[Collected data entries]
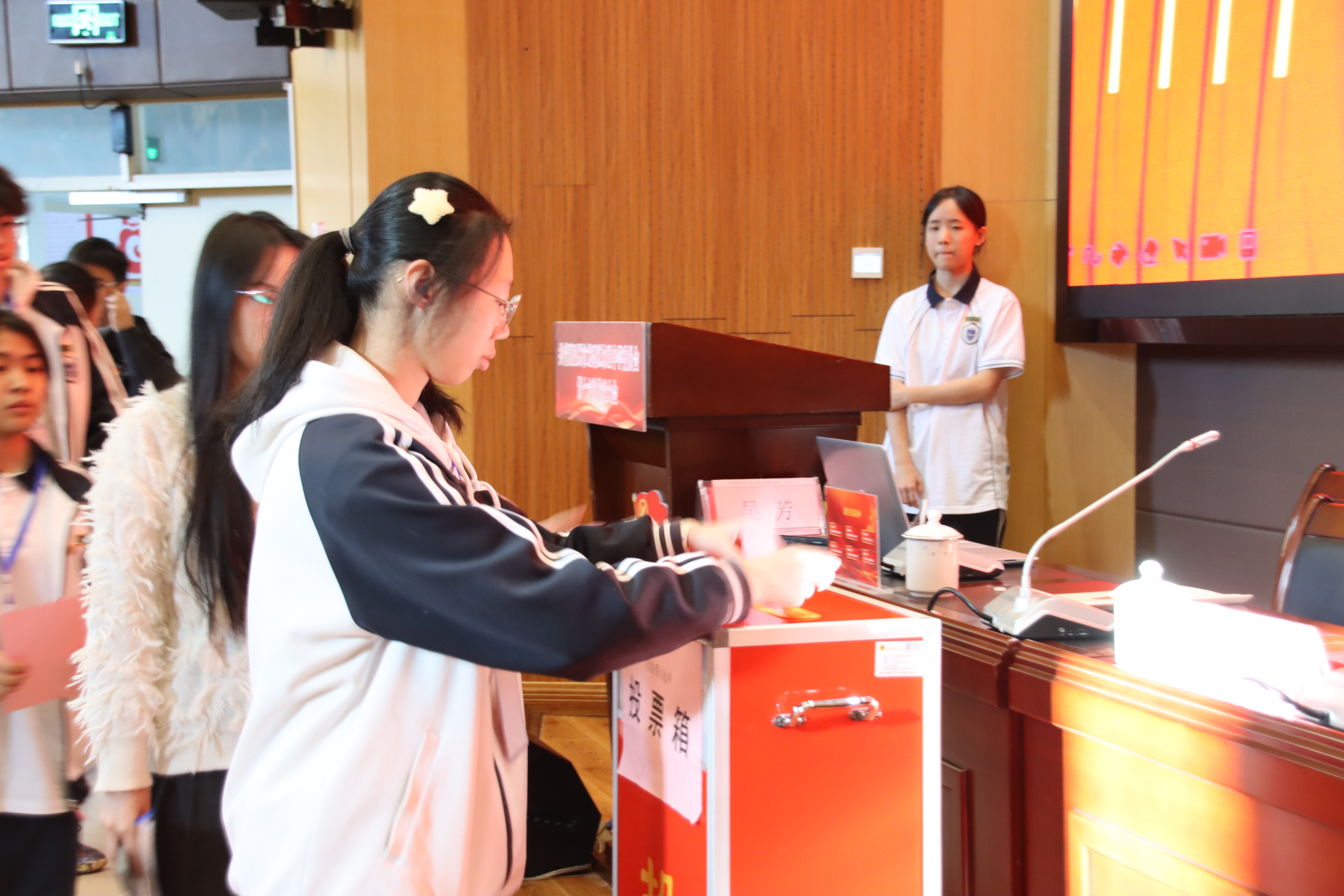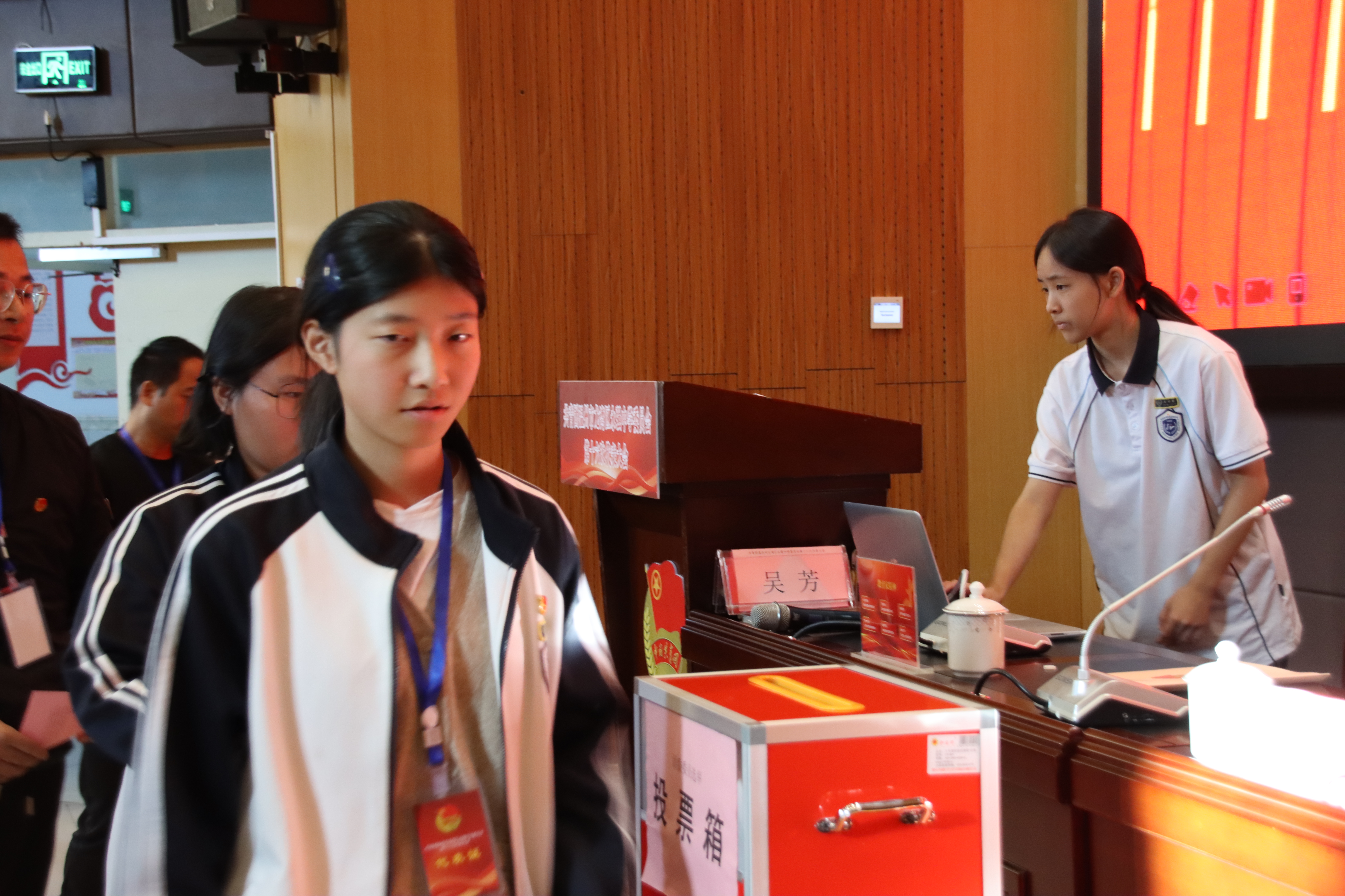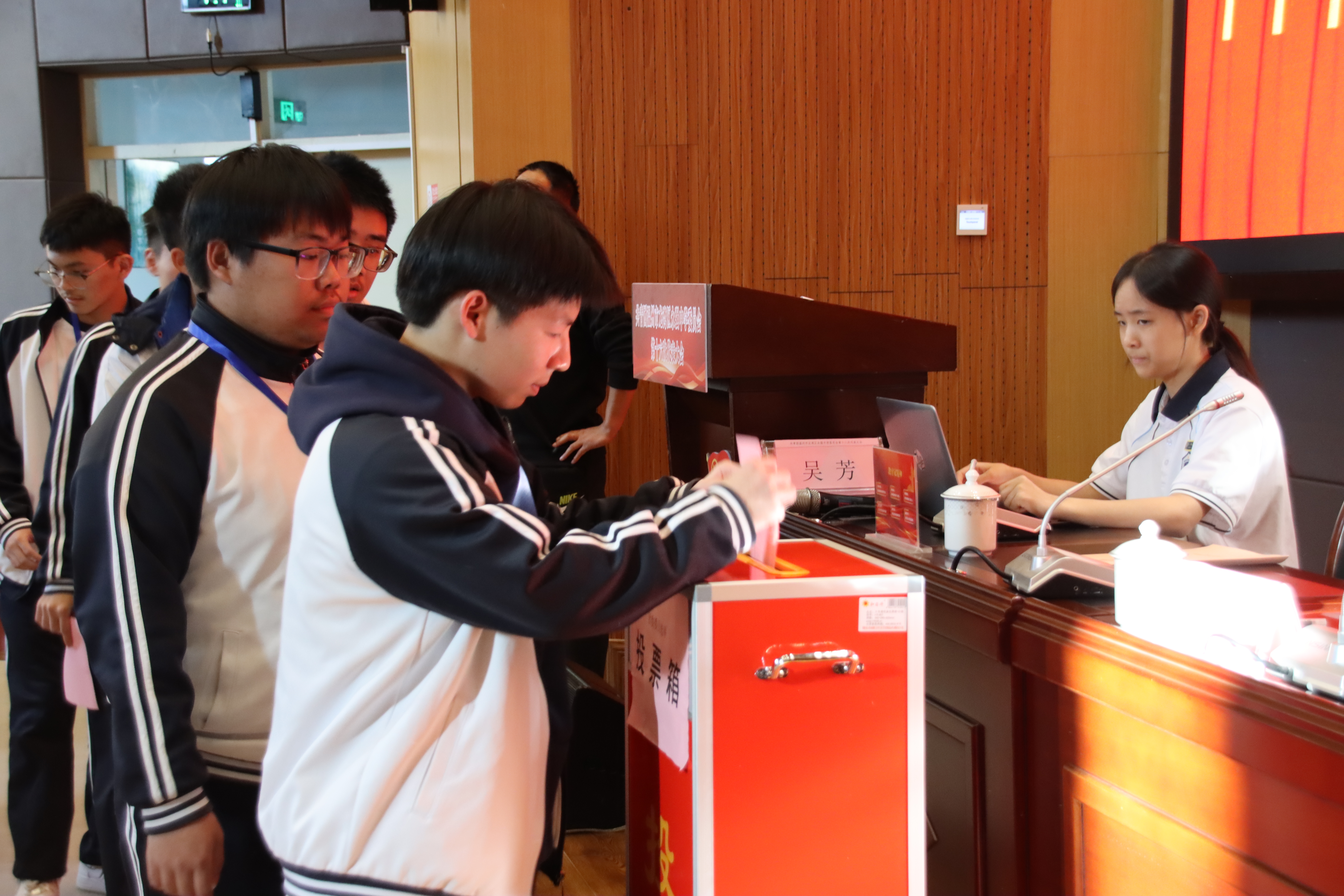 4点选举结果产生,会议进入第三阶段。总监票人汇报新一届委员的选举情况:新一届团委委员是郑好、邵雅柔、黄振轩、潘悦、濮陈然。之后,章蓉莲副校长对所有委员和团员做重要讲话。章蓉莲副校长在闭幕词中强调,本次大会是一次团结、胜利、催人奋进的大会。她向所有代表、领导和工作人员表示感谢,并期待新当选的团委委员能不负众望,紧密团结在学校党总支部周围,为培养“富有生命张力的现代公民”而努力。
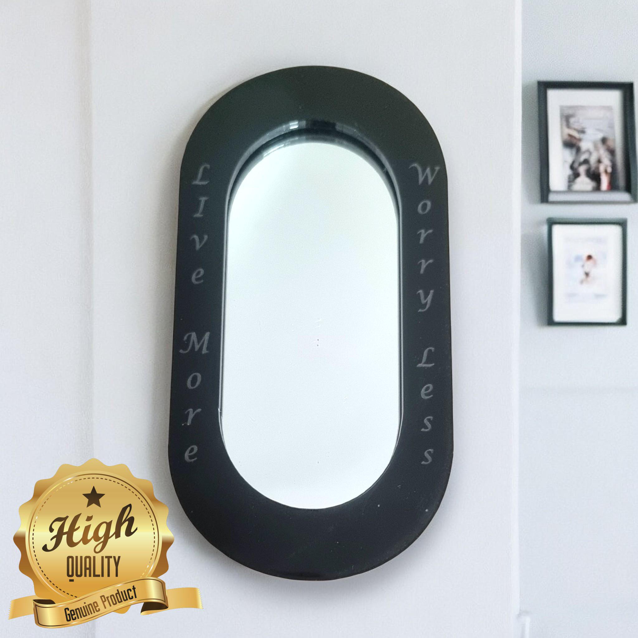 Pill Shaped Acrylic Mirror with Color Frame & Hooks - Bespoke Engraving
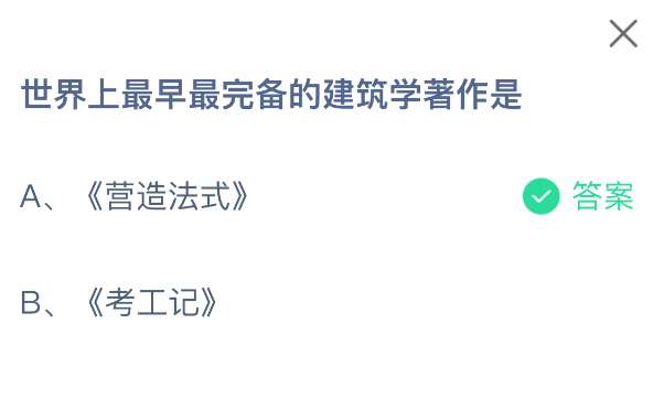 软件提交 专题合集 热门手游世界上最早最完备的建筑学著作是?这是支付宝蚂蚁庄园小鸡答题4月25日题目,支付宝小鸡答题是大家非常喜欢的活动,大家获取饲料就可以喂养小鸡领取更多的蛋去帮助更多的人了!今日正确答案是【《营造法式》】,《营造法式》是宋代李诫创作的建筑学著作,是世界上最早最完整的建筑技术书籍。
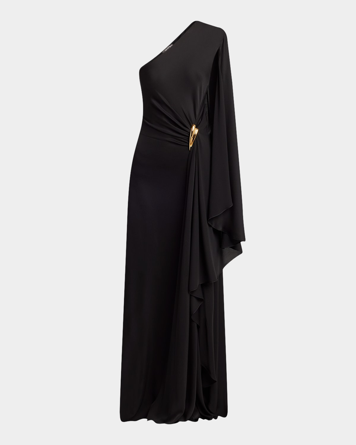 ONE SHOULDER EVENING DRESS WITH CAPE AND LIZA HARDWARE DETAIL
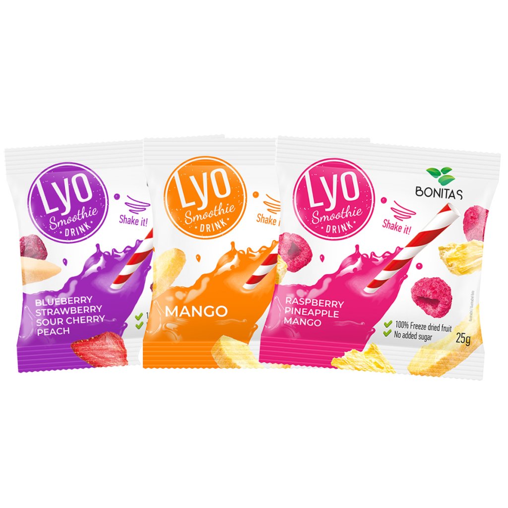 Sada Lyo Smoothie Drink je dokonalý balíček pre všetkých milovníkov zdravého životného štýlu, ktorí nechcú robiť kompromisy medzi rýchlosťou a kvalitou. Získate tri najobľúbenejšie príchute vďaka čomu môžete každý deň siahnuť po inej, 100% čistej ovocnej bombe .
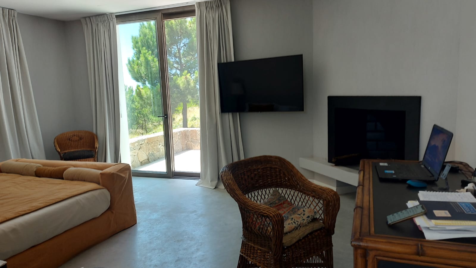 Dormitorio frente al mar, con chimenea, TV, vestidor, baño, y terraza que da al jardín.

Task goal
Every line from the one containing "ONE SHOULDER EVENING" to the final line of the records should be duplicated exactly; no picture is to be copied.

Your response
 ONE SHOULDER EVENING DRESS WITH CAPE AND LIZA HARDWARE DETAIL
 Sada Lyo Smoothie Drink je dokonalý balíček pre všetkých milovníkov zdravého životného štýlu, ktorí nechcú robiť kompromisy medzi rýchlosťou a kvalitou. Získate tri najobľúbenejšie príchute vďaka čomu môžete každý deň siahnuť po inej, 100% čistej ovocnej bombe .
 Dormitorio frente al mar, con chimenea, TV, vestidor, baño, y terraza que da al jardín.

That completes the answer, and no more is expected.